Over three years, why should it not double? Look, make it very simple. Our rates today, today if you look at Lemon Tree as a group, and you just go to the slide, if you go to slide 19, Lemon Tree excluding Keys, the ARR was INR 6,237 in Q4 2023. The same Lemon Tree, half of it, which was operational 14 , 15 years ago, the ARR was INR 8,000. Why should there not be a catch-up? We are very cheap as a... I mean, luxury hotels are for $200, $250 here. A friend of mine, in the travel business told me in Europe now it is EUR 900 -EUR 1,000 per room, and we are at $250. So the runway is enormous.
I understand, of course, that affordability is an issue. My view is broadly, India is at close to a tipping point. And one very interesting indicator is the increase in demand of mid-size SUVs. If you look at China and look at Taiwan, look at Indonesia, look at Malaysia, three years after mid-size SUVs took off, hotel demand took off. So I do see us at that tipping point.
But for the room rates to really move, go double, increase sharply, is the foreign tourists' arrival will be an important criteria or it won't be?
Let me give you a number here. Foreign tourists, in and of themselves, are about 3 million-3.5 million. I don't have the exact number, but it's roughly in that range. What is 3.5 million? It's 10,000 per day.
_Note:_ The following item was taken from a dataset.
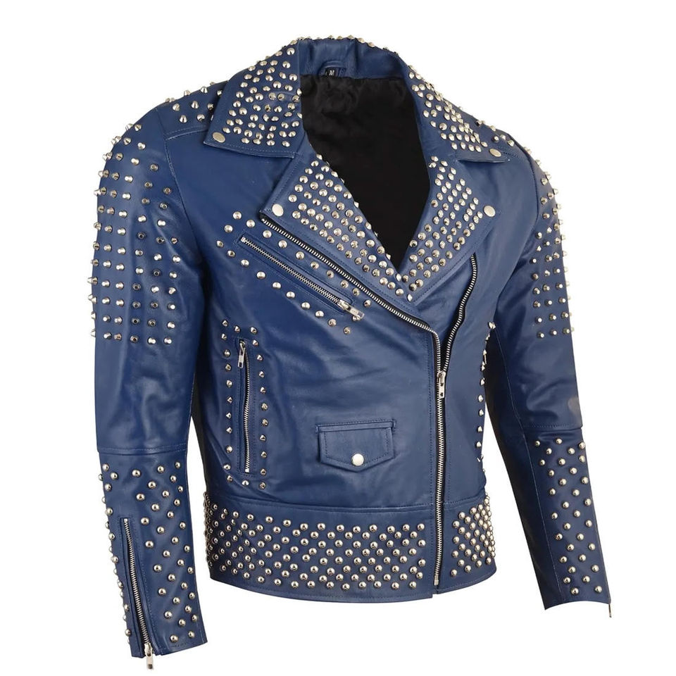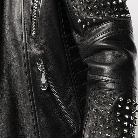 เสื้อแจ็คเก็ตหนังผู้ชายประดับหมุด

Each of them stay for, you know, between 5-10 days. So if you look at it on the room night basis, it is like 30,000-50,000 room nights a day. Now if 80%, 90% of them are staying in branded hotels, then just take a simple number, that's 25,000 rooms over 175,000. It's a 15% improvement in occupancy. Now if occupancy goes up by 50%, I can guarantee you prices will go up by 30%.
Okay. Okay, that answers my question. Thank you, sir. Thanks, sir.
Thank you. Ladies and gentlemen, we have reached the end of the question and answer session. I'd now like to hand the conference over to the management for closing comments. Over to you, gentlemen.
Well, thank you once again for your interest and support. We'll continue to stay engaged. Please be in touch with our investor relations team for any further details or discussions, and I look forward to interacting with all of you soon.
Thank you very much, sir. Thank you, members of the management. Ladies and gentlemen, on behalf of Lemon Tree Hotels Limited, that concludes this conference. Thank you for joining with us. You may now disconnect your lines.